確か、今日のイルカは休みのはず。そして、カカシも今朝帰還したばかりだから、今日は休みだ。
二人の休みが重なる事なんてそうそう無い。
「イルカ先生・・・」
愛しさを込めて名を呼び、頬に添えていた手を首の後ろに滑らせて引き寄せる。
「でも・・・っ。俺、カカシ様に朝ご飯作らなきゃ・・・っ」
「後ででいいですから。ね?ちょっとだけ」
まだ抵抗するイルカにお願いという顔をして見せる。
任務の間はまともな食事にあり付けなかったから、腹ももちろん空いてはいるけれど、それよりも先にイルカが食べたい。愛させて欲しい。

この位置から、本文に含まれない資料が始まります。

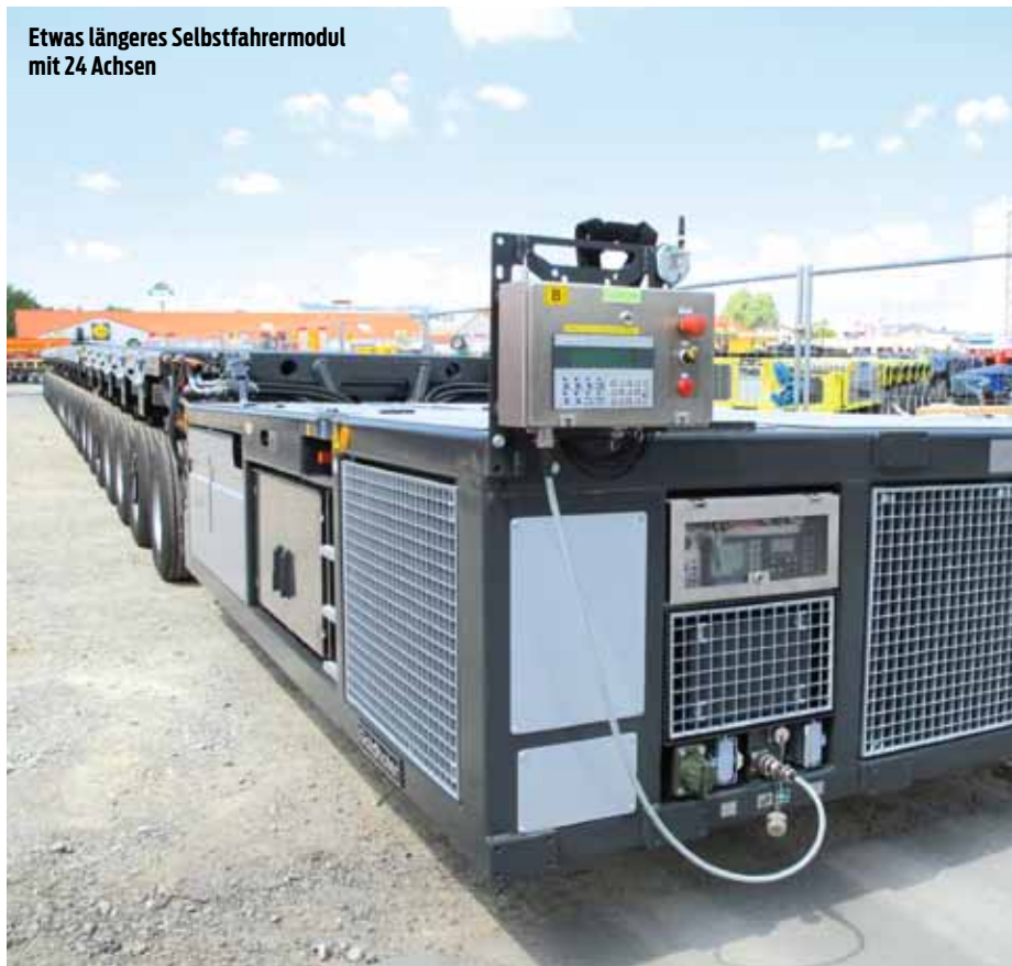
Etwas längeres Selbstfahrermodul mit 24 Achsen

Zur Bauma im vergangenen Jahr hatte Goldhofer die hauseigene Einzelradaufhängung vorgestellt.

唇が触れ合う寸前まで引き寄せ、羞恥に揺れるイルカの瞳を見つめる。
「キス、して・・・?」
こんなに近くに寄せているのにそうお願いするカカシを、イルカが「もう・・・っ」と責めてくる。そんなイルカにふと笑みを浮かべながら、カカシは待った。カカシからしては意味が無い。イルカからして貰わなければ意味が無い。
このキスは、朝の挨拶という健全な意味は全く持たないのだから。
瞳を潤ませたイルカの漆黒の睫がゆっくりと下がる。
そうして。
僅かに開いて待つカカシの唇に、イルカの少し乾いた唇がそっと落とされた。


しかしてカカシのお願いは聞き届けられ、その日の午前中は二人仲良くベッドの中で過ごしたのだが、午後からは、ベッドの住人になった可愛い奥さんを甲斐甲斐しく世話するカカシが見られたという。